I am sure many of us have gone through it. It's called life. That life which we curse when something bad happens with us which we never wanted it to happen.
Life is all about ups and downs, by taking in mind that yes we can succeed we can come out of the problem. Always remember that every problem comes with a solution. When one door is closed on us we don't bother to look at the other door which has been opened for us , because we are too busy looking at the closed door. You won't see that good thing hidden in your problem, but eventually you will. Having faith at our courage and will is an ultimate key to every unsuccessful lock to open. What we need is just to figure out that silver lining, which is a tough task for every individual.. But not impossible. So be optimistic and have faith in you that yes I have the capability to come out with this problem.
Every cloud has a silver lining meaning
ReplyDeleteEvery bad situation has some great aspect to it. This adage is usually said as an encouragement to a man who is overwhelmed by some trouble and is unable to perceive any positive way forward.
ohn Milton authored the expression 'silver lining' in Comus: A Mask Displayed at Ludlow Castle, 1634
I see ye noticeably, and now accept
That he, the Preeminent Great, to whom all things sick
Are yet as slavish officers of vengeance,
Would send a glistering guardian, if require were
To keep my life and respect unassailed.
Was I misled, or did a sable cloud
Turn forward her silver lining on the night?
I didn't blunder; there does a sable cloud
Turn forward her silver lining on the night,
And casts a gleam over this tufted woods.
'Clouds' and 'silver linings' were alluded to regularly in literature from that point onward, usually refering to Milton and much of the time alluding to them as Milton's clouds.
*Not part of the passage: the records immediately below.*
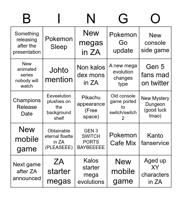 This bingo card has a free space and 24 words: Obtainable eternal floette in ZA (PLEASEEE), ZA starter megas, Non kalos dex mons in ZA, Next game after ZA announced, New console side game, Something releasing after the presentation, New animated series nobody will watch, Pokemon Sleep, Old console game ported to switch/switch 2, GEN 3 SWITCH PORTS BAYBEEEEE, A new mega evolution changes type, Champions Release Date, Pokemon Cafe Mix, Kanto fanservice, Johto mention, New mobile game, New Mystery Dungeon (good luck lmao), New megas in ZA, Gen 5 fans mad on twitter, Eeveelution plushies on the background shelf, Aged up XY characters in ZA, New mobile game, Pokemon Go update and Kalos starter mega evolutions.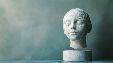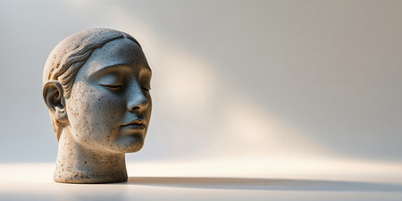 AI Generated. Stone head sculpture with closed eyes on a neutral background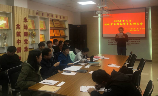 12月12日,水利工程学院学生第三党支部于SY5306召开“2018年下半年接受中共预备党员支部大会”。会议讨论表决了席茉寒、黄振栋等6名同志转预备党员事宜,会议由支部书记李建主持,全体党员、在校预备党员和入党积极分子参加会议。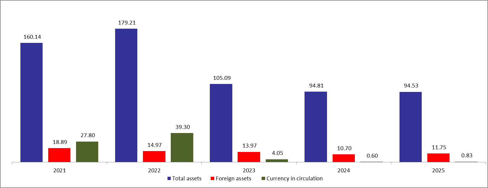 N.B.: The foreign assets figures of 2024 and 2025 in the above graph are net of Lebanese Eurobonds.

It isn't until the days of the elevating language of Victoria's England that we start to hear the proverbial shape that we are presently familiar with - 'every cloud has a silver lining'. The principal event that is unequivocally communicating that thought comes in The Dublin Magazine, Volume 1, 1840, in a survey of the novel Marian; or, a Youthful Maid's Fortunes, by Mrs S. Hall, which was distributed in 1840:
As Katty Macane has it, "there's a silver lining to every cloud that sails about the heavens in the event that we could just observe it."
'There's a silver lining to every cloud' was the shape that the maxim was usually communicated in the Victorian era. The at present utilized 'every cloud has a silver lining' appeared, in another literary audit, in 1849. The New month to month beauty assemblée, Volume 31 incorporate what implied to be a quotation from Mrs Hall's book - "Every cloud has a silver lining", however which didn't in fact appear in Marian, which just replicated Milton's original content.